> _GIVEN INFORMATION_
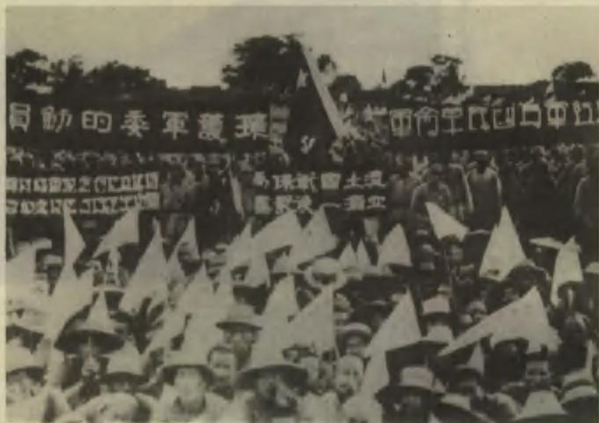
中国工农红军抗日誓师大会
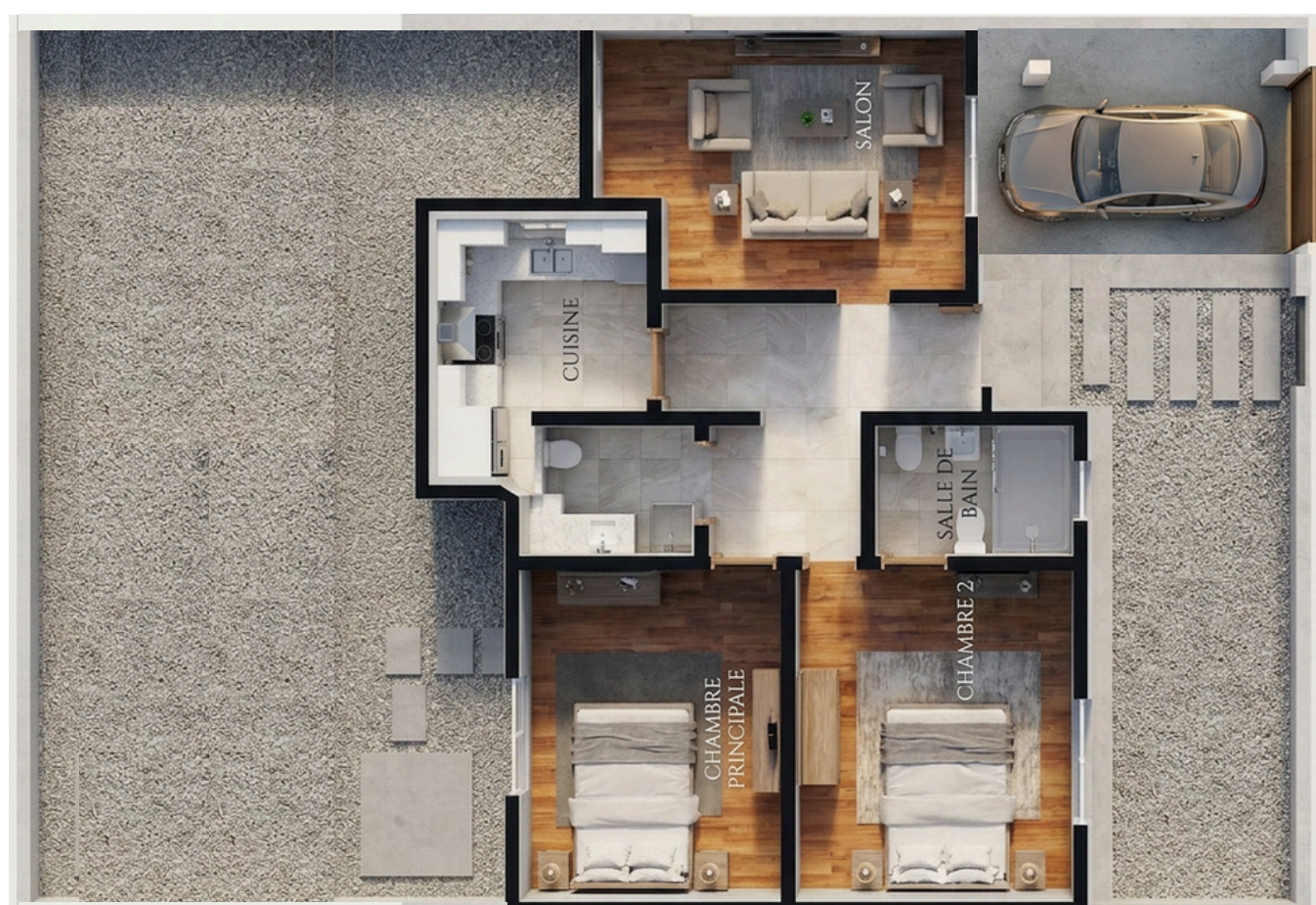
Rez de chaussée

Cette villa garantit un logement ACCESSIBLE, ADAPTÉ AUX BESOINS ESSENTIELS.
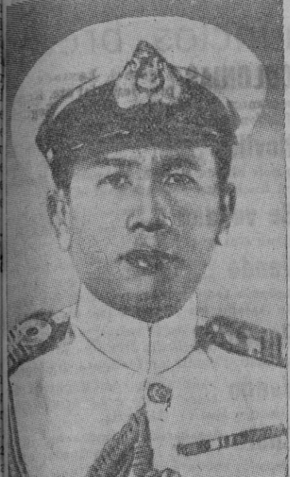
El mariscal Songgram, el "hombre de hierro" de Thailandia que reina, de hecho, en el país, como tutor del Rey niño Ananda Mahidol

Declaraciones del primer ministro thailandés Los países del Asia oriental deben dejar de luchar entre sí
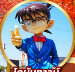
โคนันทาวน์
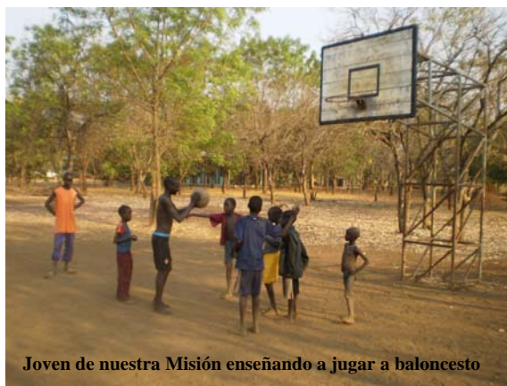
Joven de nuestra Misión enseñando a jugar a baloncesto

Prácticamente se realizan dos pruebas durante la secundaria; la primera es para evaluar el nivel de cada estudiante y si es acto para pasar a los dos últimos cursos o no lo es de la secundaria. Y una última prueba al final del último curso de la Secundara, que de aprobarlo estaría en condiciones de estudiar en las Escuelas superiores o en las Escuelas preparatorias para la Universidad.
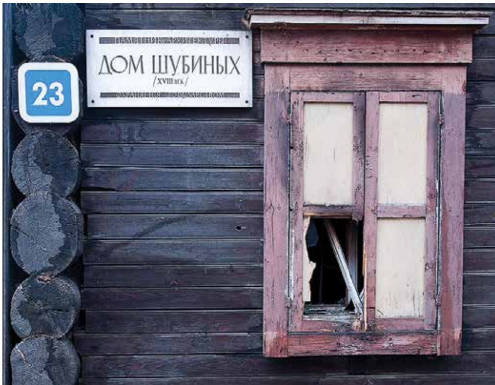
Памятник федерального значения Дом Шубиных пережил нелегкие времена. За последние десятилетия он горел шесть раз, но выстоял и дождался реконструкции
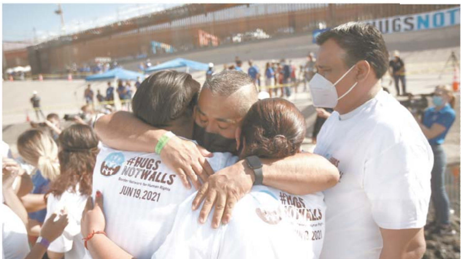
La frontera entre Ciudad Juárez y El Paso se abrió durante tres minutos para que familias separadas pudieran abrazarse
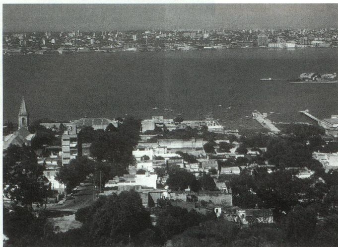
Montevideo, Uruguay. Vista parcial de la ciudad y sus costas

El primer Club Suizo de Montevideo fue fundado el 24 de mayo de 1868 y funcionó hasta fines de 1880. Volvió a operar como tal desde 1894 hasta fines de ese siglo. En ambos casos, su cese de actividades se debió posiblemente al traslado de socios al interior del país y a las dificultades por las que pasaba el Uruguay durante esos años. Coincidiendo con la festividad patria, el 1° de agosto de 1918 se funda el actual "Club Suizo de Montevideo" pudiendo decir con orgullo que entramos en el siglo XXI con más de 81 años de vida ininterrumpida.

> _ASSIGNMENT_
Please set down the whole listing exactly, apart from the pictures.

> _RESULT OF THIS EXERCISE_
中国工农红军抗日誓师大会
Rez de chaussée

Cette villa garantit un logement ACCESSIBLE, ADAPTÉ AUX BESOINS ESSENTIELS.
El mariscal Songgram, el "hombre de hierro" de Thailandia que reina, de hecho, en el país, como tutor del Rey niño Ananda Mahidol

Declaraciones del primer ministro thailandés Los países del Asia oriental deben dejar de luchar entre sí
โคนันทาวน์
Joven de nuestra Misión enseñando a jugar a baloncesto

Prácticamente se realizan dos pruebas durante la secundaria; la primera es para evaluar el nivel de cada estudiante y si es acto para pasar a los dos últimos cursos o no lo es de la secundaria. Y una última prueba al final del último curso de la Secundara, que de aprobarlo estaría en condiciones de estudiar en las Escuelas superiores o en las Escuelas preparatorias para la Universidad.
Памятник федерального значения Дом Шубиных пережил нелегкие времена. За последние десятилетия он горел шесть раз, но выстоял и дождался реконструкции
La frontera entre Ciudad Juárez y El Paso se abrió durante tres minutos para que familias separadas pudieran abrazarse
Montevideo, Uruguay. Vista parcial de la ciudad y sus costas

El primer Club Suizo de Montevideo fue fundado el 24 de mayo de 1868 y funcionó hasta fines de 1880. Volvió a operar como tal desde 1894 hasta fines de ese siglo. En ambos casos, su cese de actividades se debió posiblemente al traslado de socios al interior del país y a las dificultades por las que pasaba el Uruguay durante esos años. Coincidiendo con la festividad patria, el 1° de agosto de 1918 se funda el actual "Club Suizo de Montevideo" pudiendo decir con orgullo que entramos en el siglo XXI con más de 81 años de vida ininterrumpida.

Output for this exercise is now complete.